■ Task directions: Drop every image, then reproduce the data exactly as given.

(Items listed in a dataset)
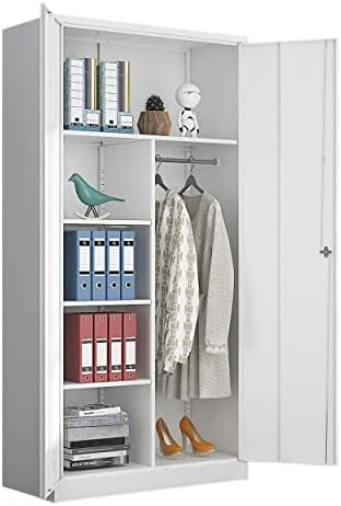 - 『LARGE SPACE DESIGN』In addition to being a great choice for storing a large number of items, this tall steel cabinet has an interior design that adds extra space to any room and opens the door to your home, ideal for protecting your products from Light exposure, temperature, dirt and dust.
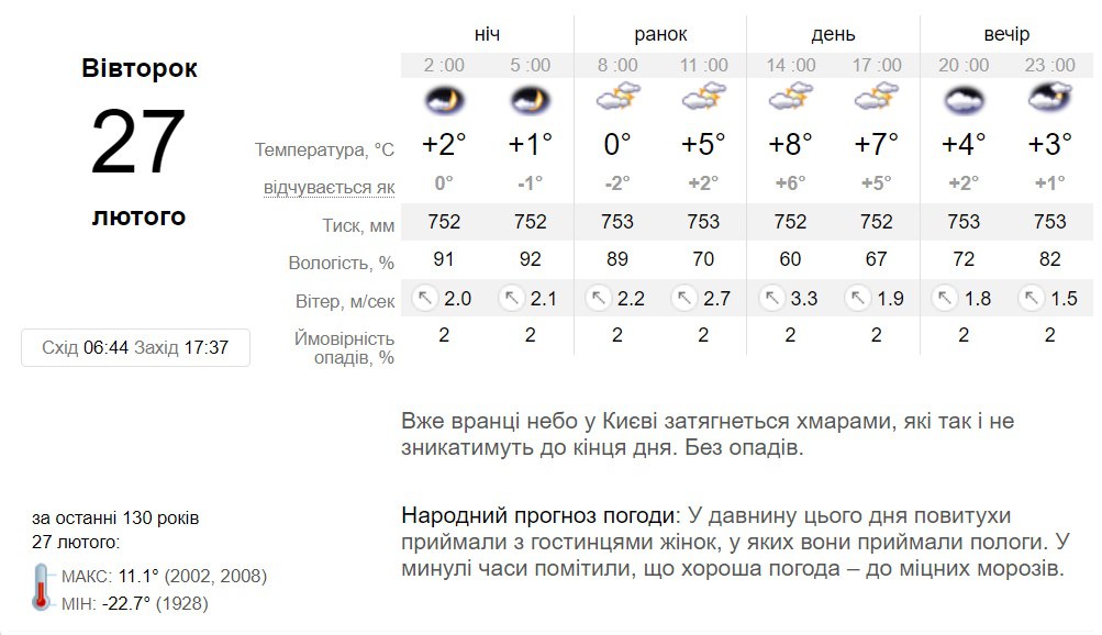 Во вторник, 27 февраля, облаков на небе не будет только ночью, а с утра до самого вечера в Киеве будет сохраняться пасмурная погода. Без осадков. Температура воздуха от 0 градусов ночью, до +9 градусов днем.
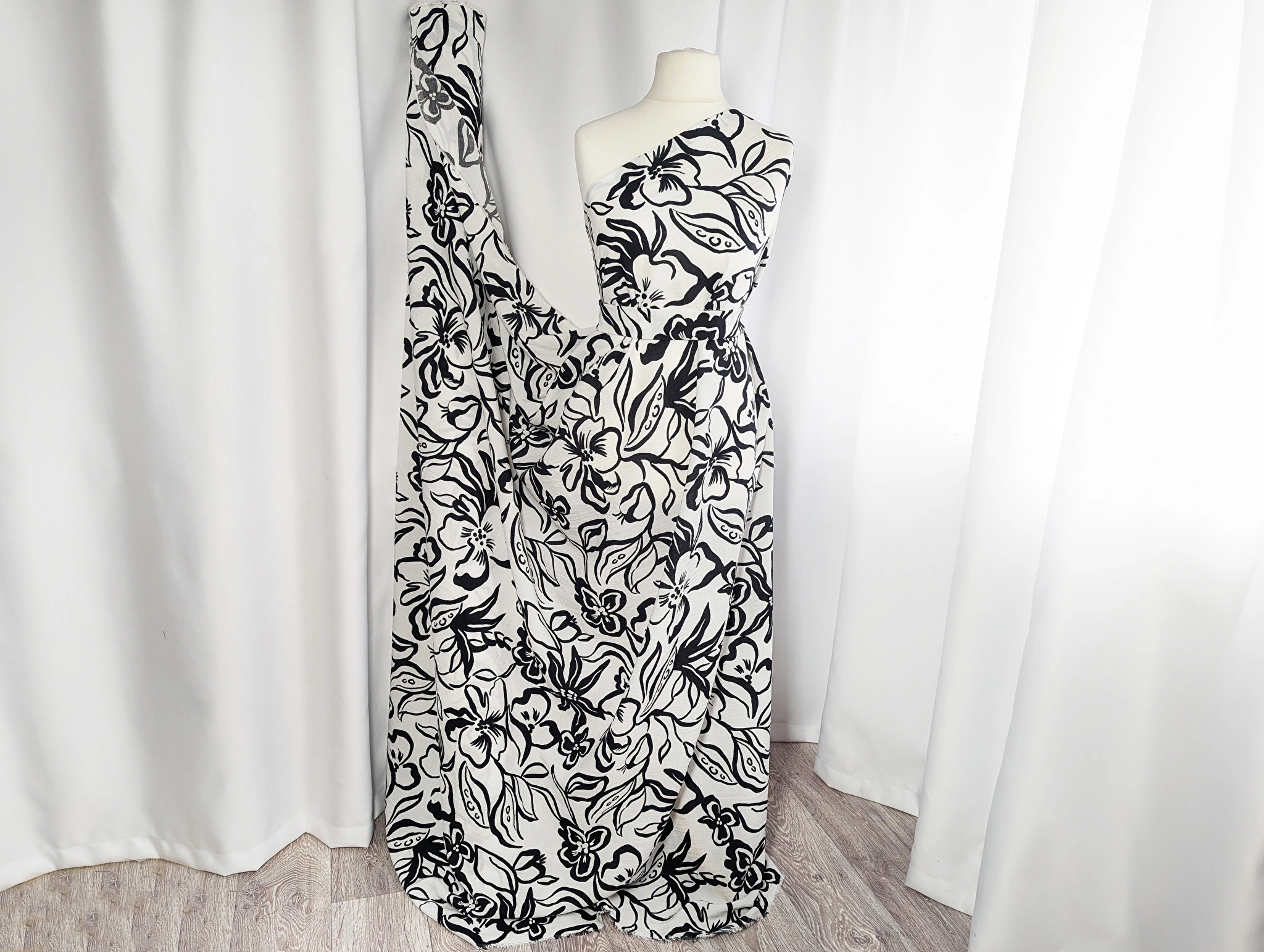 Ткань не тянется,что нужно учитывать при пошиве изделия. Требует деликатного режима стирки в машинке, а также соблюдение среднего температурного режима при глажке утюгом.
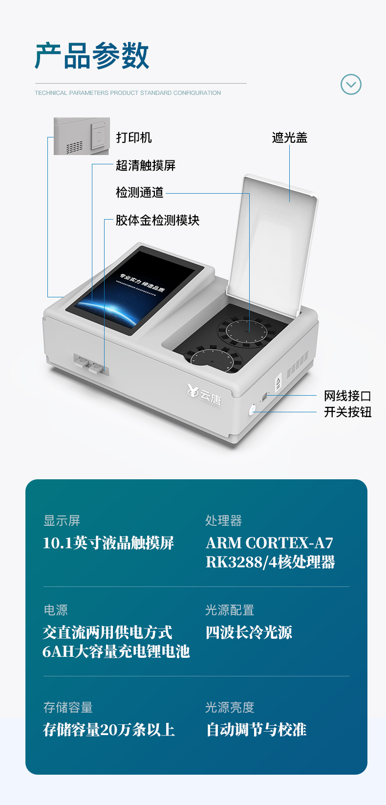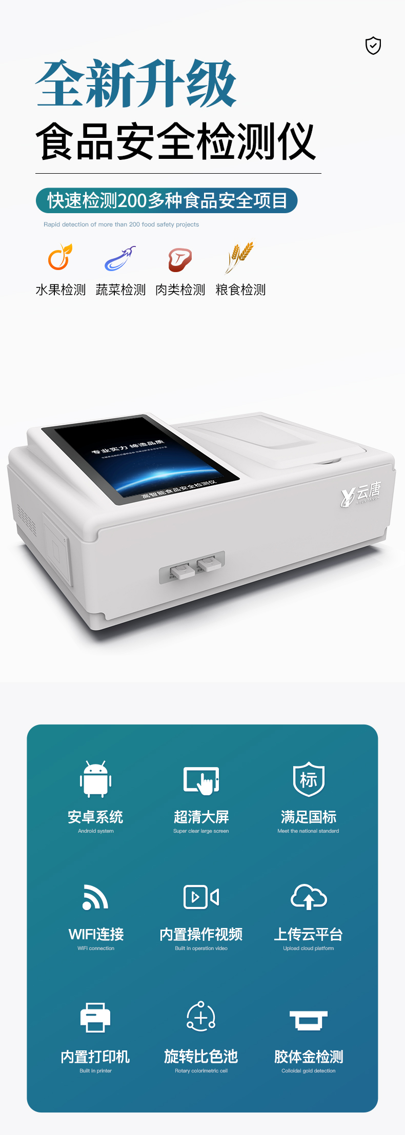 1、儀器采用臺式一體化系統(tǒng)檢測技術,將分光光度模塊、膠體金檢測模塊、新型農殘檢測模塊、數(shù)字化管理模塊、無線通訊模塊高度集成于一體,支持檢測200種食品安全檢測項目,同時預留升級檢測方法。2、儀器檢測模塊標準化、智能化,檢測項目可隨意自由組合。檢測箱體內置多個標準檢測單元,檢測模塊可以調整配置。3、顯示屏幕:儀器采用10.1英寸豎向液晶觸摸屏顯,搭配運行安卓智能操作系統(tǒng),主控芯片采用ARM Cortex-A7,RK3288/4核處理器,主頻1.88Ghz,操作方便,性能更強。4、檢測通道:≥12通道;采用精密旋轉比色池設計,使用同芯片同光源校準精度,解決不同光源之間的誤差值,更加準確**。(1-12通道間誤差0.1%,***:**202022821055.2)5、儀器光源:高精度進口四波長冷光源,每個通道均配置 410、520、590、630nm 波長光源,標配**的光路切換裝置,專利光路切換功能可實現(xiàn)64波長,并且所有檢測項目可實現(xiàn)所有通道同時檢測。6、設備可一鍵校準,自動保存校準數(shù)據(jù),自動對比校驗,得到精準光源,采用Android SP存儲數(shù)據(jù),光源數(shù)據(jù)永不丟失,方便每一次使用。7、通訊接口:配備無線通信模塊、4G(APN)通訊模塊、藍牙傳輸,同時具有雙USB接口以及RJ45網(wǎng)線接口,可以多方式實現(xiàn)數(shù)據(jù)保存及數(shù)據(jù)傳輸。8、存儲方式:支持U盤存儲,標準USB接口,免驅動安裝。檢測結果存儲容量20萬條以上,可生成Excel表格進行拷貝,并具有登錄保護功能。9、智能化操作系統(tǒng):9.1、操作系統(tǒng):儀器可在同一檢測界面自動對應相關檢測通道,一次性選擇1-12個樣品名稱,無需退出界面,節(jié)省操作時間。并可以對每個通道屬性和樣品信息單獨進行編輯,例如送檢單位、人員,檢測人員等,打印時勾選打印顯示。9.2、數(shù)據(jù)集成系統(tǒng):設備首頁自動匯總分析檢測數(shù)據(jù),包含:周檢測數(shù)據(jù)、月檢測數(shù)據(jù),全部檢測總數(shù)量,均包含檢測總數(shù),合格數(shù),不合格數(shù),以及相關柱形分析圖,各項檢測數(shù)據(jù)一目了然,無需電腦查詢,更加快捷直觀。9.3、數(shù)據(jù)庫系統(tǒng):十幾項數(shù)據(jù)庫分類管理儀器:包含項目類型、項目數(shù)據(jù)、檢測數(shù)據(jù)、歷史記錄、國標信息、曲線信息、采樣信息、檢測信息、受檢信息、復核信息、圖表信息、光源校準信息、打印樣式信息、樣品庫信息等等,數(shù)據(jù)庫之間互相協(xié)調聯(lián)動保證數(shù)據(jù)的真實完整性。同時產品數(shù)據(jù)庫以及歷史檢測記錄支持一鍵檢索功能。9.4、限量規(guī)判系統(tǒng):具有限量查詢、添加物質合規(guī)判定系統(tǒng)。檢測出結果后,系統(tǒng)自動調用系統(tǒng)數(shù)據(jù)庫中相關國標進行比對判定,客觀顯示判定結果是否合格。9.5、項目預設系統(tǒng):儀器具有任務預設模塊,一鍵提前預設,給出方便快捷的新檢測方案,每一個任務分別可以設置不同的樣品、批次、編號、來源、備注、抽樣信息、檢測信息、受檢信息、復核信息等更多信息。樣品送檢時一鍵調取保存信息,并可多次調取,大大提高檢測效率。9.6、數(shù)據(jù)監(jiān)管系統(tǒng):同步對接監(jiān)管平臺,數(shù)據(jù)可局域網(wǎng)和互聯(lián)網(wǎng)數(shù)據(jù)上傳,檢測結果可選擇直接傳至食品安全監(jiān)管平臺。進行區(qū)域食品安全監(jiān)管及大數(shù)據(jù)分析處理與數(shù)據(jù)統(tǒng)計,檢測區(qū)域食品安全長短期動態(tài),達到食品安全問題預估、預警。9.7.1、全新打印系統(tǒng):內置全新打印機,新創(chuàng)自定義打印方式,可按需靈活勾選控制:產品合格證(國家農業(yè)部標準要求),二維碼,抽樣信息、檢測信息,受檢信息、復核信息、抽樣日期、檢測日期等信息的打印。9.7.2、A4紙版本報告打印功能(選配):設備擁有兩種結果展示方式,可以自動生成A4打印模板和小票打印模板兩種樣式,可通過WiFi及網(wǎng)線等方式鏈接外置打印機可進行打印。10、供電模式:儀器交直流兩用,直流12V供電,可連接車載電源,可配6ah大容量充電鋰電池,電量可實時顯示,方便戶外流動測試。11、膠體金檢測模塊:采用單通道CMOS成像處理技術及膠體金免疫層析技術,可讀取膠體金卡數(shù)據(jù),自動采集、處理分析,將檢測結果顯示,并可根據(jù)參考限值自動判斷檢測結果,可檢測常見的獸藥殘留、生物毒素、抗生素、違禁添加物等。11.1、探測技術:CMOS成像探測;11.2、檢測通道:1個通道;11.3、檢測方式:消線法和比色法;11.4、顯示模式:陰性或陽性;11.5、曲線形式:直插式掃描方式,顯示金標卡圖像,實時生成、識別CT曲線圖,無需手動調整,完成檢測后自動退出檢測卡。兼容市場上其他金標卡,使用耗材不受限制。12、儀器具備遠程升級功能,可定向分客戶分儀器更新,開機后自動更新,并可持續(xù)性免費更新系統(tǒng)版本,無需像傳統(tǒng)產品返廠更新,節(jié)省時間及人力成本并避免了物流運輸返廠升級導致設備損壞的潛在風險。
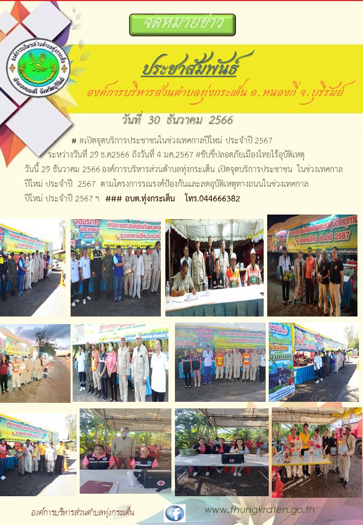 องค์การบริหารส่วนตำบลทุ่งกระเต็นให้บริการตั้งจุดบริการประชาชนช่วงเทศกาลปีใหม่ 2567
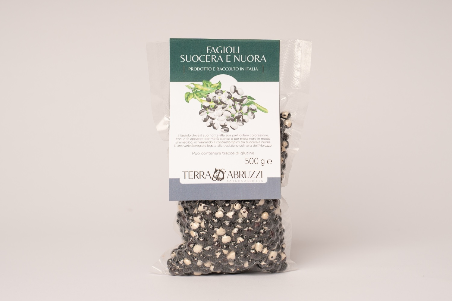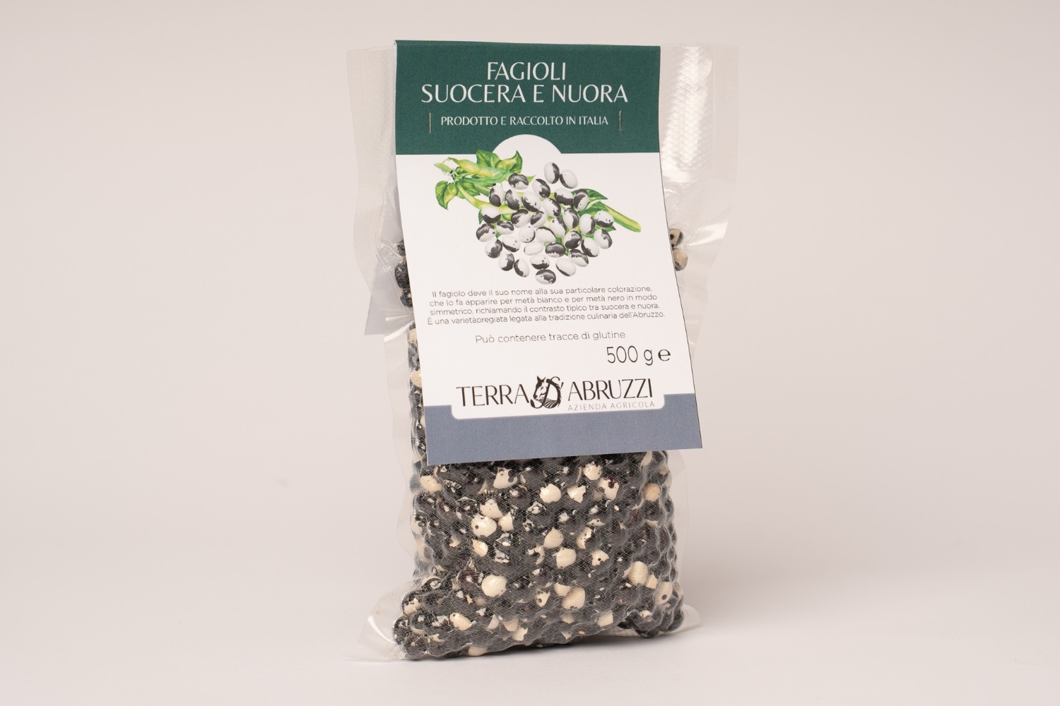 Fagioli secchi Suocera e Nuora, varietà autoctona della Majella, coltivati naturalmente a Vittorito (AQ) senza concimi né trattamenti. Ricchi di sapore e tradizione. Confezione da 500 g.

■ Output for this task:
 - 『LARGE SPACE DESIGN』In addition to being a great choice for storing a large number of items, this tall steel cabinet has an interior design that adds extra space to any room and opens the door to your home, ideal for protecting your products from Light exposure, temperature, dirt and dust.
 Во вторник, 27 февраля, облаков на небе не будет только ночью, а с утра до самого вечера в Киеве будет сохраняться пасмурная погода. Без осадков. Температура воздуха от 0 градусов ночью, до +9 градусов днем.
 Ткань не тянется,что нужно учитывать при пошиве изделия. Требует деликатного режима стирки в машинке, а также соблюдение среднего температурного режима при глажке утюгом.
 1、儀器采用臺式一體化系統(tǒng)檢測技術,將分光光度模塊、膠體金檢測模塊、新型農殘檢測模塊、數(shù)字化管理模塊、無線通訊模塊高度集成于一體,支持檢測200種食品安全檢測項目,同時預留升級檢測方法。2、儀器檢測模塊標準化、智能化,檢測項目可隨意自由組合。檢測箱體內置多個標準檢測單元,檢測模塊可以調整配置。3、顯示屏幕:儀器采用10.1英寸豎向液晶觸摸屏顯,搭配運行安卓智能操作系統(tǒng),主控芯片采用ARM Cortex-A7,RK3288/4核處理器,主頻1.88Ghz,操作方便,性能更強。4、檢測通道:≥12通道;采用精密旋轉比色池設計,使用同芯片同光源校準精度,解決不同光源之間的誤差值,更加準確**。(1-12通道間誤差0.1%,***:**202022821055.2)5、儀器光源:高精度進口四波長冷光源,每個通道均配置 410、520、590、630nm 波長光源,標配**的光路切換裝置,專利光路切換功能可實現(xiàn)64波長,并且所有檢測項目可實現(xiàn)所有通道同時檢測。6、設備可一鍵校準,自動保存校準數(shù)據(jù),自動對比校驗,得到精準光源,采用Android SP存儲數(shù)據(jù),光源數(shù)據(jù)永不丟失,方便每一次使用。7、通訊接口:配備無線通信模塊、4G(APN)通訊模塊、藍牙傳輸,同時具有雙USB接口以及RJ45網(wǎng)線接口,可以多方式實現(xiàn)數(shù)據(jù)保存及數(shù)據(jù)傳輸。8、存儲方式:支持U盤存儲,標準USB接口,免驅動安裝。檢測結果存儲容量20萬條以上,可生成Excel表格進行拷貝,并具有登錄保護功能。9、智能化操作系統(tǒng):9.1、操作系統(tǒng):儀器可在同一檢測界面自動對應相關檢測通道,一次性選擇1-12個樣品名稱,無需退出界面,節(jié)省操作時間。并可以對每個通道屬性和樣品信息單獨進行編輯,例如送檢單位、人員,檢測人員等,打印時勾選打印顯示。9.2、數(shù)據(jù)集成系統(tǒng):設備首頁自動匯總分析檢測數(shù)據(jù),包含:周檢測數(shù)據(jù)、月檢測數(shù)據(jù),全部檢測總數(shù)量,均包含檢測總數(shù),合格數(shù),不合格數(shù),以及相關柱形分析圖,各項檢測數(shù)據(jù)一目了然,無需電腦查詢,更加快捷直觀。9.3、數(shù)據(jù)庫系統(tǒng):十幾項數(shù)據(jù)庫分類管理儀器:包含項目類型、項目數(shù)據(jù)、檢測數(shù)據(jù)、歷史記錄、國標信息、曲線信息、采樣信息、檢測信息、受檢信息、復核信息、圖表信息、光源校準信息、打印樣式信息、樣品庫信息等等,數(shù)據(jù)庫之間互相協(xié)調聯(lián)動保證數(shù)據(jù)的真實完整性。同時產品數(shù)據(jù)庫以及歷史檢測記錄支持一鍵檢索功能。9.4、限量規(guī)判系統(tǒng):具有限量查詢、添加物質合規(guī)判定系統(tǒng)。檢測出結果后,系統(tǒng)自動調用系統(tǒng)數(shù)據(jù)庫中相關國標進行比對判定,客觀顯示判定結果是否合格。9.5、項目預設系統(tǒng):儀器具有任務預設模塊,一鍵提前預設,給出方便快捷的新檢測方案,每一個任務分別可以設置不同的樣品、批次、編號、來源、備注、抽樣信息、檢測信息、受檢信息、復核信息等更多信息。樣品送檢時一鍵調取保存信息,并可多次調取,大大提高檢測效率。9.6、數(shù)據(jù)監(jiān)管系統(tǒng):同步對接監(jiān)管平臺,數(shù)據(jù)可局域網(wǎng)和互聯(lián)網(wǎng)數(shù)據(jù)上傳,檢測結果可選擇直接傳至食品安全監(jiān)管平臺。進行區(qū)域食品安全監(jiān)管及大數(shù)據(jù)分析處理與數(shù)據(jù)統(tǒng)計,檢測區(qū)域食品安全長短期動態(tài),達到食品安全問題預估、預警。9.7.1、全新打印系統(tǒng):內置全新打印機,新創(chuàng)自定義打印方式,可按需靈活勾選控制:產品合格證(國家農業(yè)部標準要求),二維碼,抽樣信息、檢測信息,受檢信息、復核信息、抽樣日期、檢測日期等信息的打印。9.7.2、A4紙版本報告打印功能(選配):設備擁有兩種結果展示方式,可以自動生成A4打印模板和小票打印模板兩種樣式,可通過WiFi及網(wǎng)線等方式鏈接外置打印機可進行打印。10、供電模式:儀器交直流兩用,直流12V供電,可連接車載電源,可配6ah大容量充電鋰電池,電量可實時顯示,方便戶外流動測試。11、膠體金檢測模塊:采用單通道CMOS成像處理技術及膠體金免疫層析技術,可讀取膠體金卡數(shù)據(jù),自動采集、處理分析,將檢測結果顯示,并可根據(jù)參考限值自動判斷檢測結果,可檢測常見的獸藥殘留、生物毒素、抗生素、違禁添加物等。11.1、探測技術:CMOS成像探測;11.2、檢測通道:1個通道;11.3、檢測方式:消線法和比色法;11.4、顯示模式:陰性或陽性;11.5、曲線形式:直插式掃描方式,顯示金標卡圖像,實時生成、識別CT曲線圖,無需手動調整,完成檢測后自動退出檢測卡。兼容市場上其他金標卡,使用耗材不受限制。12、儀器具備遠程升級功能,可定向分客戶分儀器更新,開機后自動更新,并可持續(xù)性免費更新系統(tǒng)版本,無需像傳統(tǒng)產品返廠更新,節(jié)省時間及人力成本并避免了物流運輸返廠升級導致設備損壞的潛在風險。
 องค์การบริหารส่วนตำบลทุ่งกระเต็นให้บริการตั้งจุดบริการประชาชนช่วงเทศกาลปีใหม่ 2567
 Fagioli secchi Suocera e Nuora, varietà autoctona della Majella, coltivati naturalmente a Vittorito (AQ) senza concimi né trattamenti. Ricchi di sapore e tradizione. Confezione da 500 g.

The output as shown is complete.